The Town of Erwin

The history of Erwin dates only from the 1900’s, but the community is located in an area rich in history that stretches back to colonial times, Erwin is located near the site of the old settlement of Averasboro, which finds mention in accounts of both the Revolutionary War and the War Between the States. It lies on the east side of the Cape Fear River on low, but well drained lands which, in their original state, were heavily wooded. 

The community of Erwin began with the erection of a cotton mill in 1903. In fact, its history is in a large part the history of this milling enterprise, which was constructed by the Erwin Cotton Mills Company and became the property of a successor-Swift Industries, Incorporated-before the mill was closed in 2000. 

The Erwin Mills Company was formed in 1892 by a group of financiers who included W.A. Erwin and J.B. “Buck” Duke.
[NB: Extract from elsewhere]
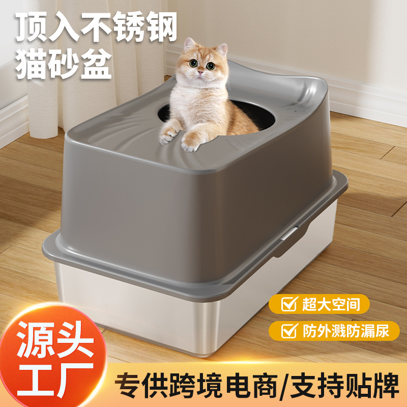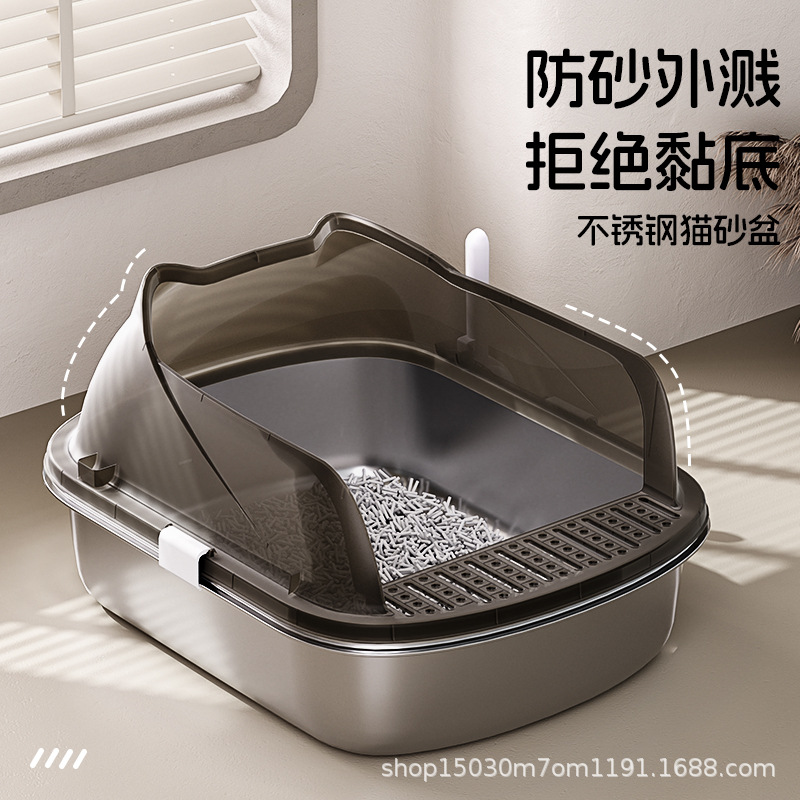 Baskom Kotoran Kucing Stainless Steel Ukuran Besar Anti Tercebur Luar Buka Baskom Pasir Kucing Ukuran Besar Baskom Kotoran Kucing Ukuran Besar Toilet
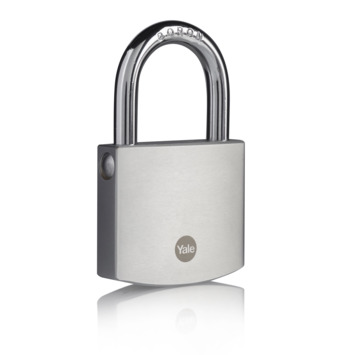 Yale 60mm zwaar massief messing hangslot met geharde stalen beugel en mat chroom finish. Sluiten door dicht te klikken en te openen met sleutel. Dubbele sluiting voor extra beveiliging. Inclusief 3 sleutels. Type Y120B/60/135/1

Construction started in the spring of 1903, and the mill was in full operation by the latter part of 1905. The site had been selected because of the proximity of the Cape Fear River, the proximity of the cotton fields, and the probable supply of adequate labor. 

The town which was constructed to house the workers of the mill was originally called Duke, but its name was changed to Erwin in 1926 when Trinity College in Durham became Duke University. In the initial plan there were about 300 dwelling houses. The establishment of basic services came Quick on the heels of the first developments of the town. The first doctor began practicing in 1903, and in 1910, the first hospital in Harnett County opened in Erwin. 

In the 1920’s enlargements were made in the mill, and a number of new homes were built for employees of the mill, the company laid the water and sewer lines in the basic system which serves the town. In the 1950’s Erwin Mills began selling houses and other lots to residents of the town. This policy was continued by Burlington Industries, with the consequence that today all residential and store buildings in the town are owned by individuals.